WIPO. The UN's World Intellectual Property Organization (Geneva), which administers the PCT and publishes the annual filing league tables cited throughout this briefing.
CNIPA / USPTO. China's and the US's national patent offices. A CNIPA or USPTO filing is a domestic application; a granted patent is the enforceable right that survives examination — a far higher bar than a filing.
Patent family. The set of filings, across multiple offices, covering one invention. Counting families counts inventions; raw filing counts can multiply a single invention across many offices.
Abroad-filing rate. The share of an origin's applications also filed at a foreign office, on WIPO's resident-vs-abroad origin basis — a rough proxy for how globally valuable the holder judges the IP. China's 6.9% (WIPO, 2025) is the lowest among the top 20 origins; on a related measure, WIPO counts 96.7% of China-origin patent families as single-office. Distinct from foreign-oriented patent families, a measure on which the US, not China, leads.
"Irregular" filings. Applications CNIPA treats as abnormal — filed for subsidy, ranking or quota reasons rather than genuine invention.

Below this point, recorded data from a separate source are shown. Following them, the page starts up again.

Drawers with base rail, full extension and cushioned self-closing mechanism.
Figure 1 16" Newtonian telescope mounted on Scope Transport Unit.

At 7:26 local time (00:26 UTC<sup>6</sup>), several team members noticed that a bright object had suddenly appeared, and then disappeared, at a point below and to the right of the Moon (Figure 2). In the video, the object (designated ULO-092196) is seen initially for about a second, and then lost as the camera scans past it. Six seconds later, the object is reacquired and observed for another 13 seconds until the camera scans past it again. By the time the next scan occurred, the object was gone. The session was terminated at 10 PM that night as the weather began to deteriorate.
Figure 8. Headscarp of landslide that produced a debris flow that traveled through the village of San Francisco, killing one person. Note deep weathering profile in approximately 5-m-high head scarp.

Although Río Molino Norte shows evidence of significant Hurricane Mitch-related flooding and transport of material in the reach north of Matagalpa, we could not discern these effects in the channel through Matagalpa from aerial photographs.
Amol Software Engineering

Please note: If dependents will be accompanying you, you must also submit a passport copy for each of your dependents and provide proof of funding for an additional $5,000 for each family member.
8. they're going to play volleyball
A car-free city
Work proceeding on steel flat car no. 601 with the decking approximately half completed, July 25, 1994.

CNIPA's December 2025 report disclosed 597,000 investigated in 2024 — about 10% of all filings (invention patents, utility models and designs, ~5.8M combined), not of the 1.8M invention patents alone.
GenAI patent families. Filings covering generative-AI inventions (2014–23, per WIPO's 2024 landscape). China filed ~38,210, roughly 6× the US; six of the top ten applicants are Chinese.

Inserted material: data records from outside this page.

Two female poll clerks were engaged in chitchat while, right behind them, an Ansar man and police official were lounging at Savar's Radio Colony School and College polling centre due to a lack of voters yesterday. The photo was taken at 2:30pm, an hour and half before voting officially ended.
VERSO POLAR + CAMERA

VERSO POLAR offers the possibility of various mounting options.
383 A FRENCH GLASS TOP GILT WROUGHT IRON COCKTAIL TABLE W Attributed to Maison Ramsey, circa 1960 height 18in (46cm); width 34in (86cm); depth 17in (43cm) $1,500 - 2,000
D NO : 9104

PCT filings vs. US grants. Two different tables that reward different things: PCT rewards cross-border filing volume; US grants reward inventions that clear examination — which is why Huawei tops PCT while Samsung tops grants.

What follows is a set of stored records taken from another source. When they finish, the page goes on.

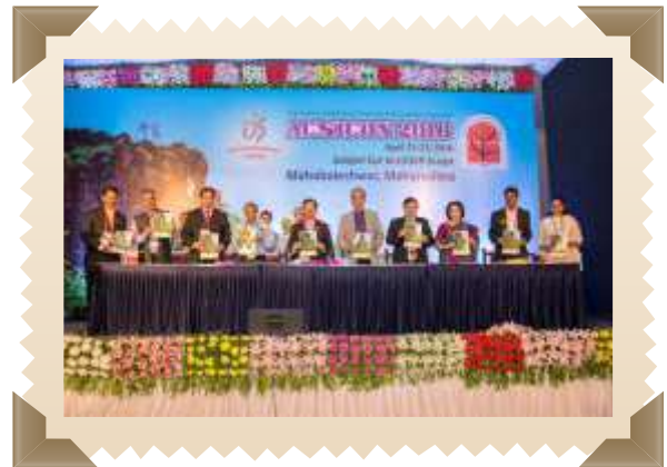
Releasing ACSIPEN 2016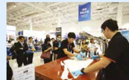
'Incredible Composites Applications'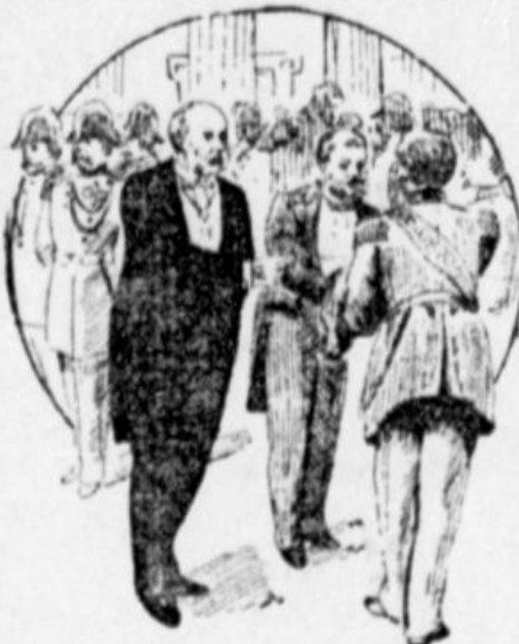
DIPLOMATS ENTERING SENATE CHAMBER.

British Ambassador Pauncefoot is a typical British gentleman; large, strongly proportioned, of grave mien,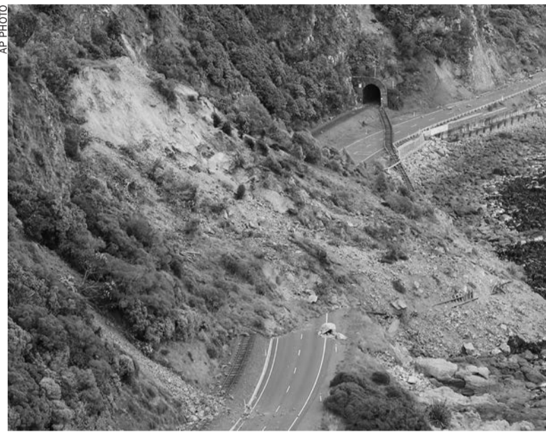
A landslide blocks State Highway One and the main trunk railway line north of Kaikoura

Strategic Implications & Outlook
1
China's lead is widening
China passed the US in PCT filings in 2019 and now leads by roughly 21,000 (73,718 vs 52,617). The gap is widening largely from one side: China's international volume has stayed elevated — plateauing near 70,000 before rising 5.3% in 2025 — while US filings have fallen four years running (since 2022). IBM has moved to a deliberately selective patenting policy; whether other filers are leaning on trade secrets is an open question. China's filings are supported by substantial government industrial-policy programs in telecom, batteries, semiconductors and AI.
2
A filing is not an enforceable patent
A PCT application reserves a right; it is not a granted, enforceable patent. WIPO counts 96.7% of China-origin patent families as single-office — filed in one jurisdiction and never pursued abroad — while abroad filings make up just 6.9% of China's total applications, the lowest share among the top 20 origins (WIPO, 2025). CNIPA's December 2025 report disclosed 597,000 "irregular" applications investigated in 2024 — roughly one in ten of CNIPA's ~5.8 million filings that year (invention patents, utility models and designs combined), though a far higher share measured against invention patents alone. China leads on volume; what each filing is worth varies widely.
3
Japan still has the broadest bench
Counting organizations rather than filings, Japan still fields the deepest bench — 32 in the PCT top 100, against China's 24 and the US's 17. And US grant tables tell a different story: Samsung, TSMC and Qualcomm lead the patents actually issued by the USPTO, where PCT-leader Huawei ranks only fourth.
4
Ownership is what the count leaves out
A count shows where innovation is occurring. Ownership shows who holds the resulting rights — and the networks behind them. A single filing may sit inside a private startup, a provincial SOE, a PLA-linked university, or a company subject to US sanctions. Those distinctions rarely appear in patent databases but often matter more than the patent itself. For an intelligence reader, the ownership network behind a filing is usually worth more than the count.